**Your instructions:**
Print, exactly as they appear in the listing below, the lines from the line with "今回は名前を白のペンキで塗ってみました。細かい所はつまようじでちょんちょん。" to the line with "Para los dibujos", with both end lines kept.

**Excerpted data:**
○ ○ ○ ○ ○ ○ ○
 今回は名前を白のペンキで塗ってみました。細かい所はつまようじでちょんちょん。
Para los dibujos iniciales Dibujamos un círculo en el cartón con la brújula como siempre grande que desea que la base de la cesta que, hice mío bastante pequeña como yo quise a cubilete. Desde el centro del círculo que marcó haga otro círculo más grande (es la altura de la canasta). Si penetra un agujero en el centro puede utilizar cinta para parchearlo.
○ ○ ○ ○ ○ ○ ○
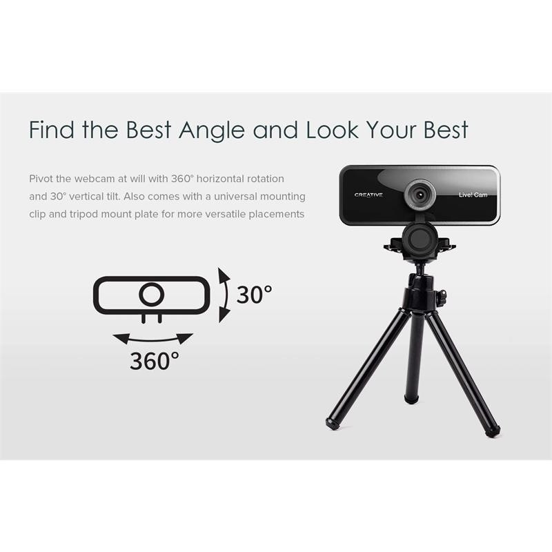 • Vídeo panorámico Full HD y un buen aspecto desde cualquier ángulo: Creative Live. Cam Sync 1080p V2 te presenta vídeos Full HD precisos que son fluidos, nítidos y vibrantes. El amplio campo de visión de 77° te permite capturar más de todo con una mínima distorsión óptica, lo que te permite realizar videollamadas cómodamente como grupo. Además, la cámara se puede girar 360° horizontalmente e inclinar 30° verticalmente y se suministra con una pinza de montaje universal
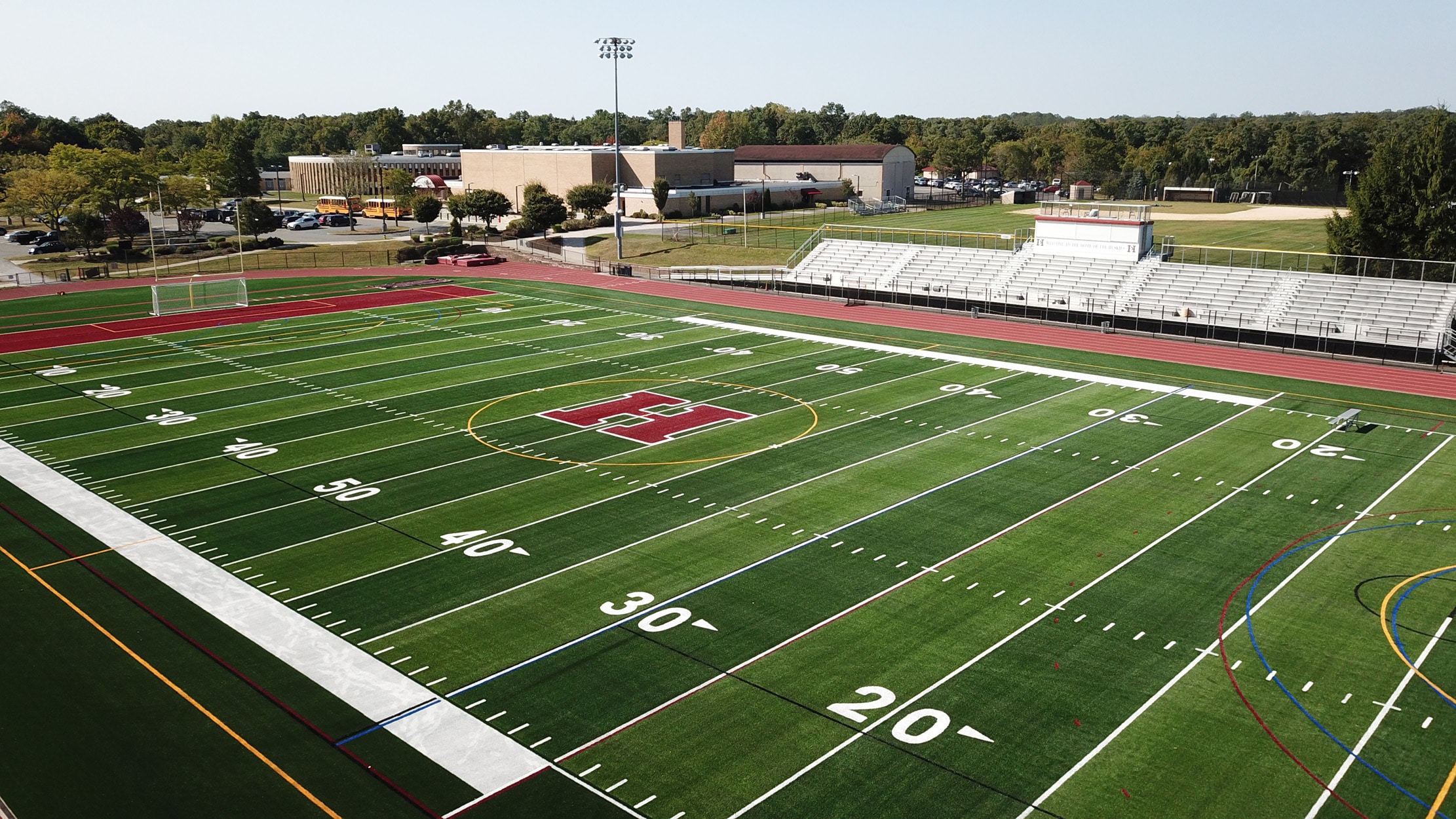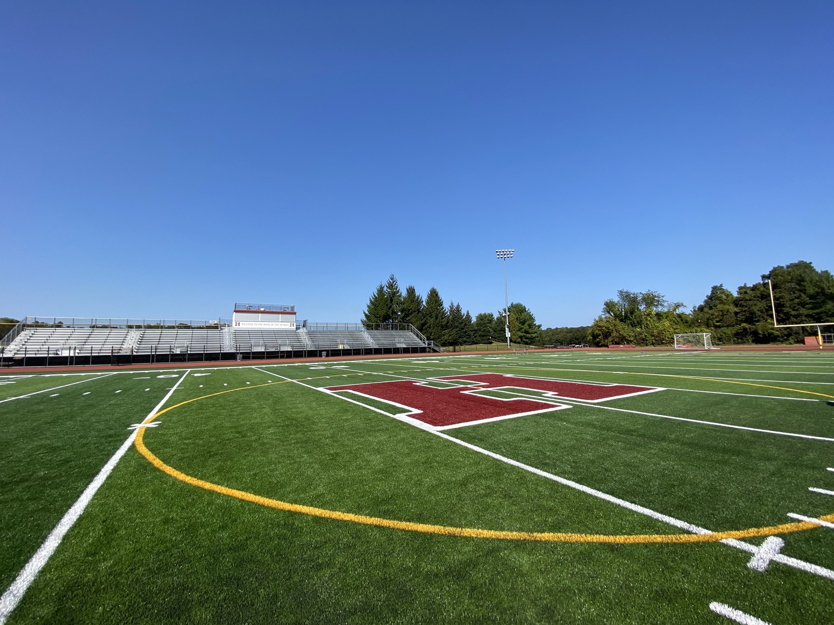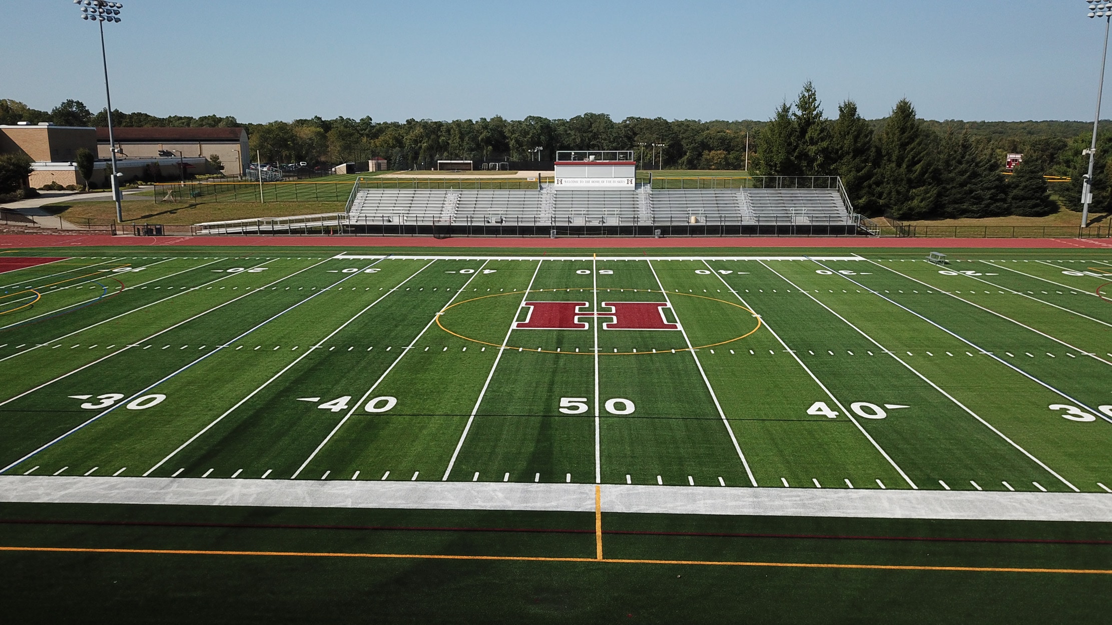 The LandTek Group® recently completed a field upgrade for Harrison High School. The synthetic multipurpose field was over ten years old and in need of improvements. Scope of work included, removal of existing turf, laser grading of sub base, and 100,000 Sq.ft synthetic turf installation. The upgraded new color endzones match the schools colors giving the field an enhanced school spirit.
○ ○ ○ ○ ○ ○ ○
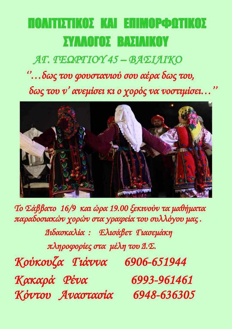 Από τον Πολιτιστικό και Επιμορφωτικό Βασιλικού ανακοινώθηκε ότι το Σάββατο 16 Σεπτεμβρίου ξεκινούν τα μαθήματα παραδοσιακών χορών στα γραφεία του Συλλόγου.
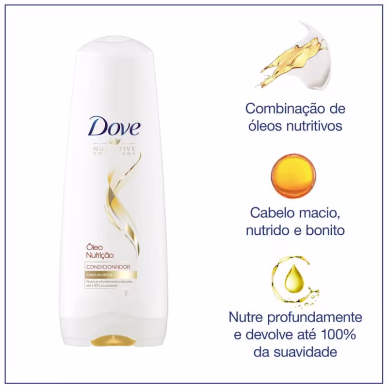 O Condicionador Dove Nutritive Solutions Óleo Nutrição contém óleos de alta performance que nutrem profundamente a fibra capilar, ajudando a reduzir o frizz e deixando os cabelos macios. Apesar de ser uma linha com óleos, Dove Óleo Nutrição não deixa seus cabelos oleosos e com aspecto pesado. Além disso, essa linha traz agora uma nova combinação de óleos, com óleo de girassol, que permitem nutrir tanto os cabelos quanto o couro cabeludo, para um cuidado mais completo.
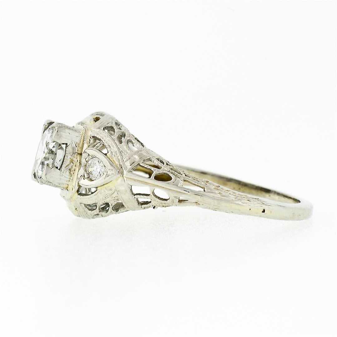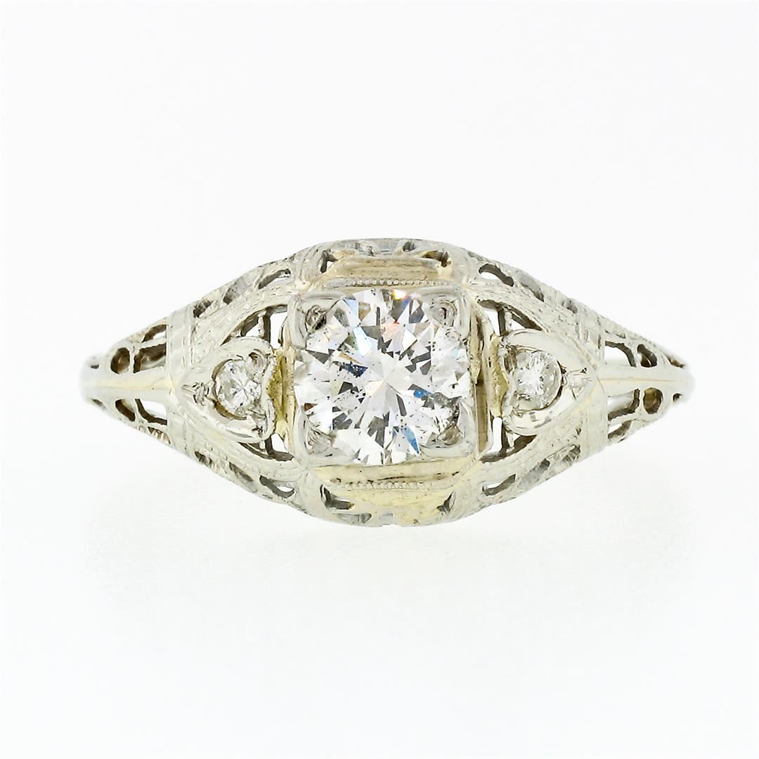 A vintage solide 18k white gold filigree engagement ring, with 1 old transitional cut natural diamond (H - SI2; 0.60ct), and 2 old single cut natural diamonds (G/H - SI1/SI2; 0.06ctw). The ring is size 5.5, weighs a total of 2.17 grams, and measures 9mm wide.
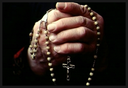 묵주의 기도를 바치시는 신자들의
○ ○ ○ ○ ○ ○ ○
**Output of the exercise:**
 今回は名前を白のペンキで塗ってみました。細かい所はつまようじでちょんちょん。
Para los dibujos iniciales Dibujamos un círculo en el cartón con la brújula como siempre grande que desea que la base de la cesta que, hice mío bastante pequeña como yo quise a cubilete. Desde el centro del círculo que marcó haga otro círculo más grande (es la altura de la canasta). Si penetra un agujero en el centro puede utilizar cinta para parchearlo.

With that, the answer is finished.